Task instructions: Repeat exactly what runs from the line with "PRE-OWNED LV Coussin" through the last line of the material, and keep the pictures out of it.

Data extracts:
---
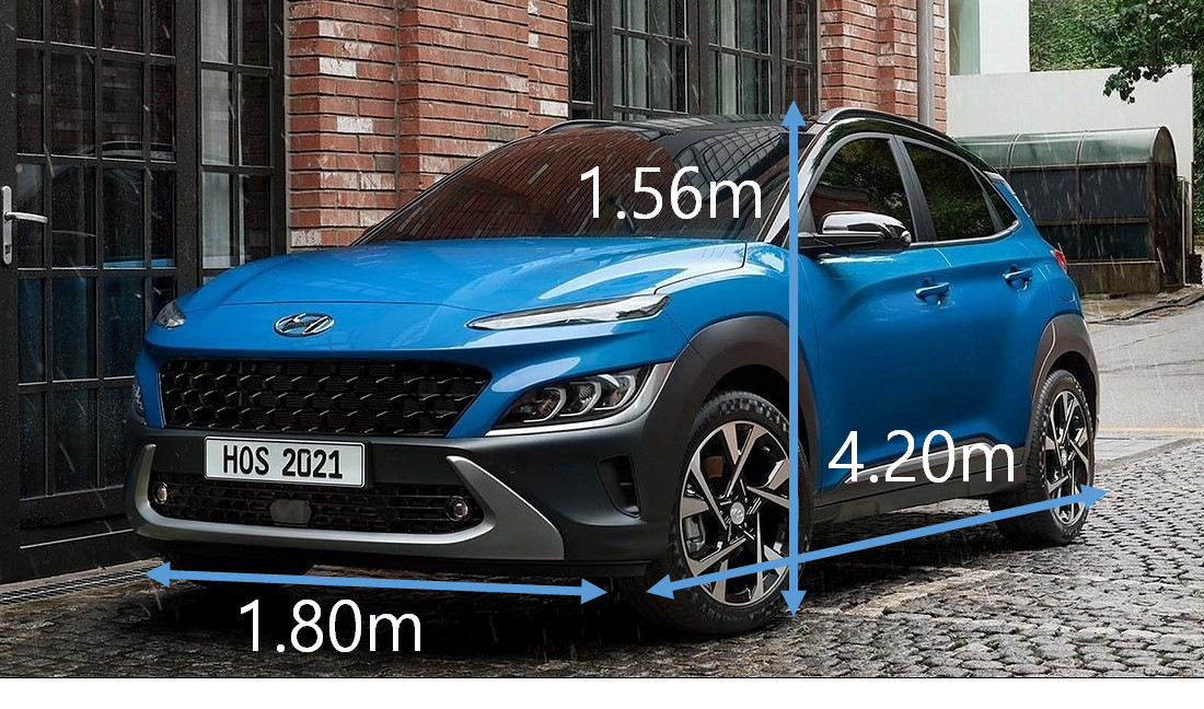 앞뒤 크기는 기아 니로 하이브리드가 더 크지만, 차 높이는 현대 코나 하이브리드가 더 높습니다.
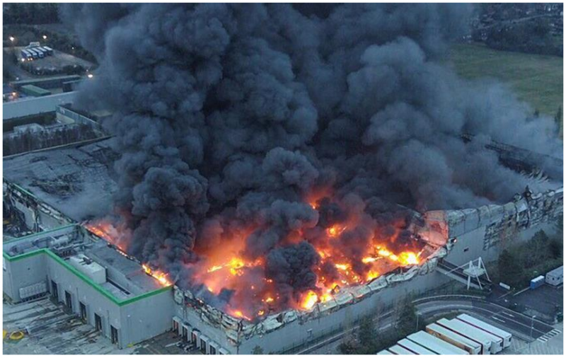 2019年,英國最大生鮮電商Ocado位于漢普郡的全自動立體倉庫發生火災,近200名消防隊員和20多輛消防車參與救援,火災最終造成近1.37億美元損失。事后,漢普郡消防局的報告顯示,火災起因是倉儲機器人在充電過程中產生電弧引發。
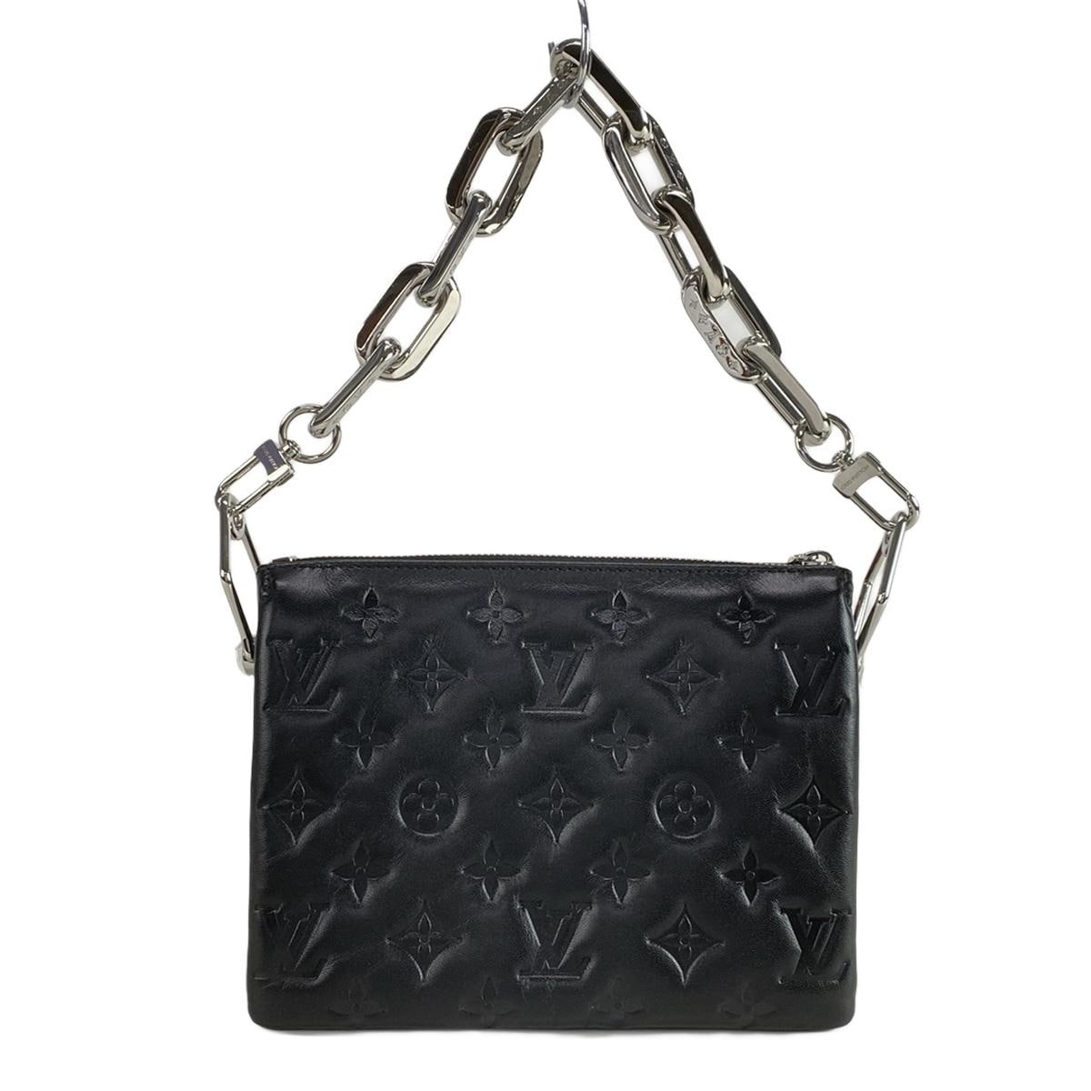 PRE-OWNED LV Coussin BB Black Silver Lamb Leather Shoulder Bag
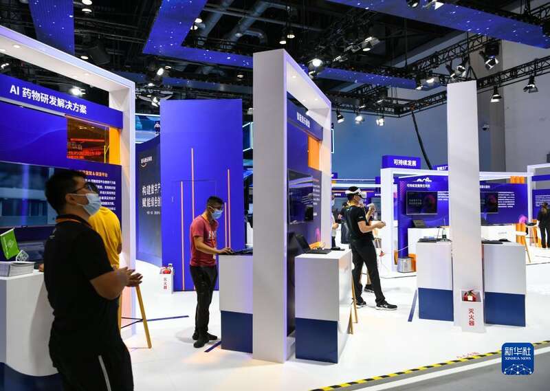 8月28日,在国家会议中心举行的服贸会媒体探营活动中,人们在展区参观。
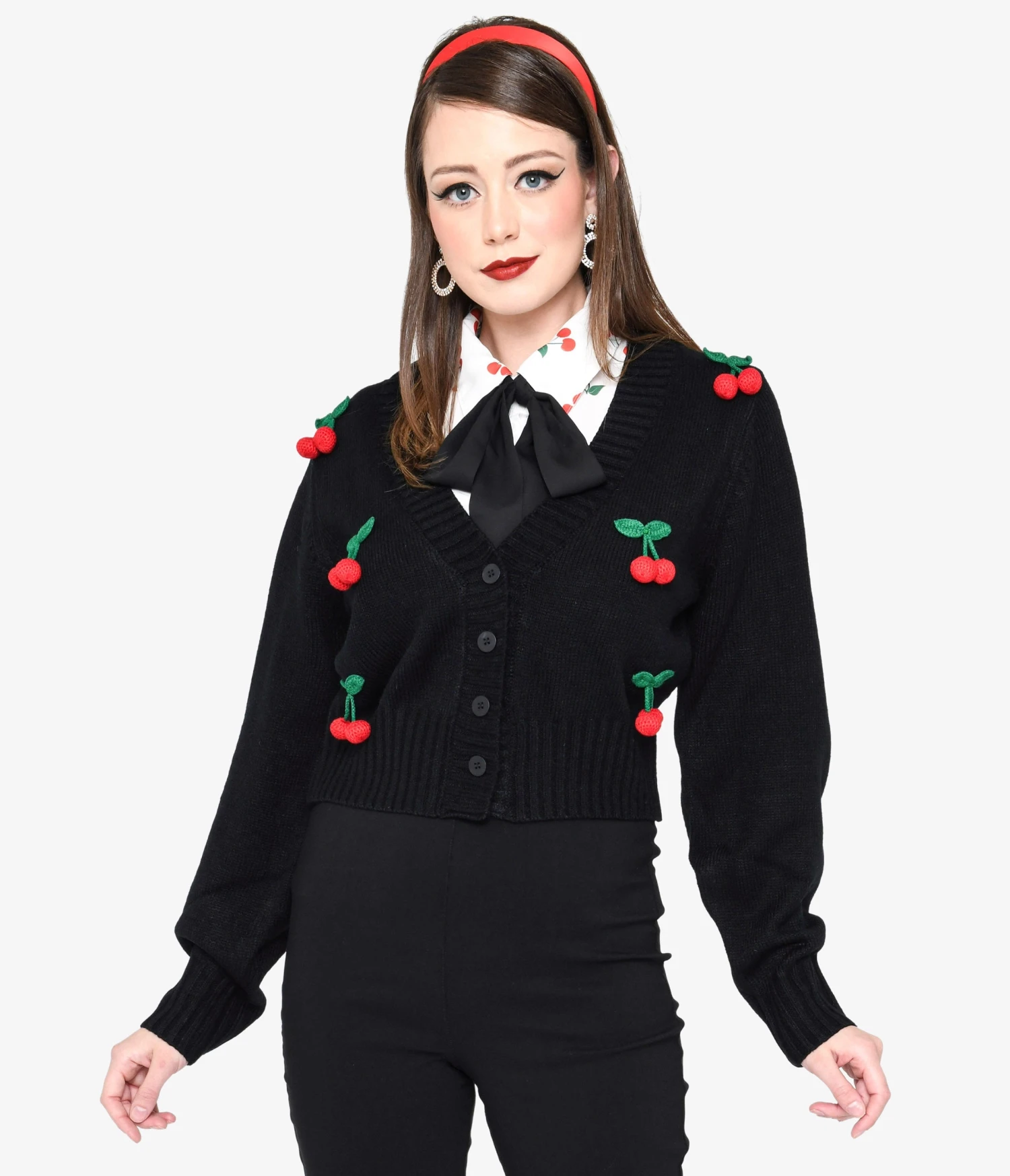 Smak Parlour Black Cherries Cropped Knit Cardigan
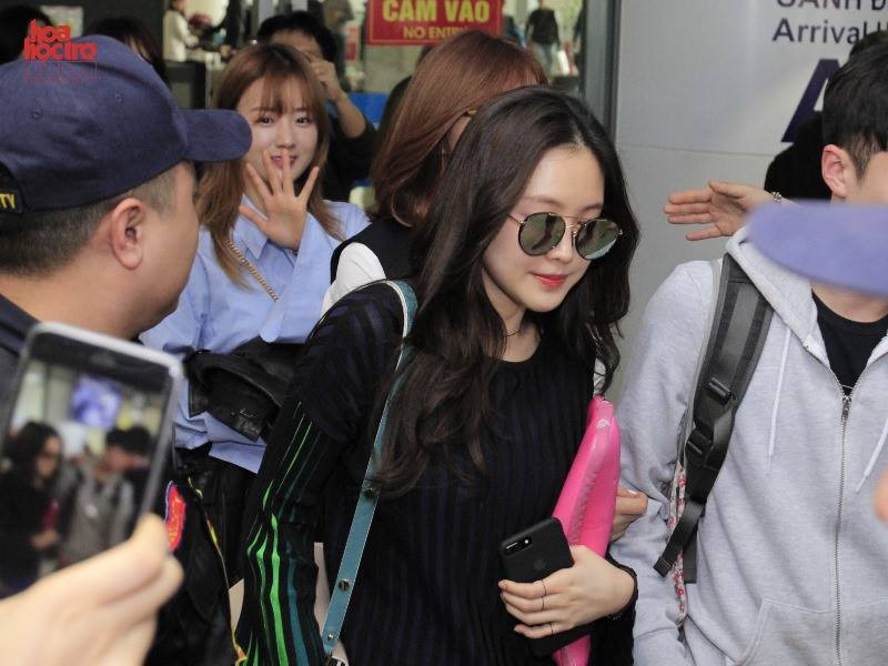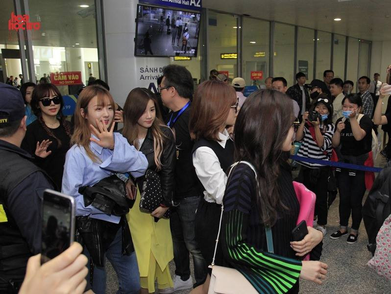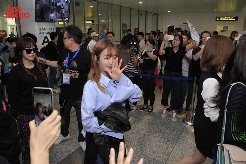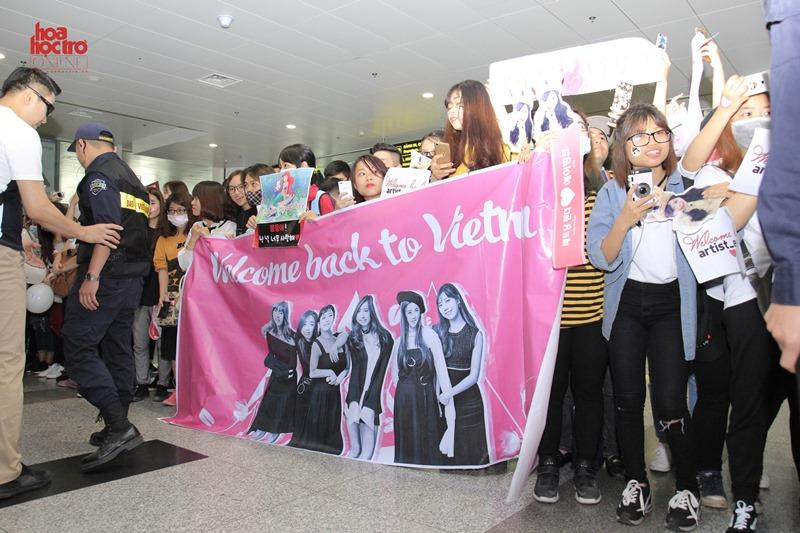 Tuy phải trải qua sự chênh lệch nhiệt độ giữa Việt Nam và Hàn Quốc nhưng Apink trông vẫn rất xinh đẹp. Các cô nàng còn vẫy tay chào fan nữa này.
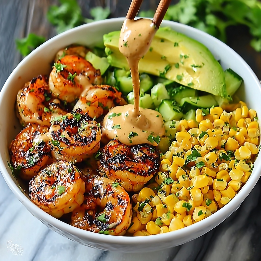 Juicy Grilled Shrimp Bowl with Avocado Corn Salsa & Creamy Sauce Recipe
---
Result of the task:
 PRE-OWNED LV Coussin BB Black Silver Lamb Leather Shoulder Bag
 8月28日,在国家会议中心举行的服贸会媒体探营活动中,人们在展区参观。
 Smak Parlour Black Cherries Cropped Knit Cardigan
 Tuy phải trải qua sự chênh lệch nhiệt độ giữa Việt Nam và Hàn Quốc nhưng Apink trông vẫn rất xinh đẹp. Các cô nàng còn vẫy tay chào fan nữa này.
 Juicy Grilled Shrimp Bowl with Avocado Corn Salsa & Creamy Sauce Recipe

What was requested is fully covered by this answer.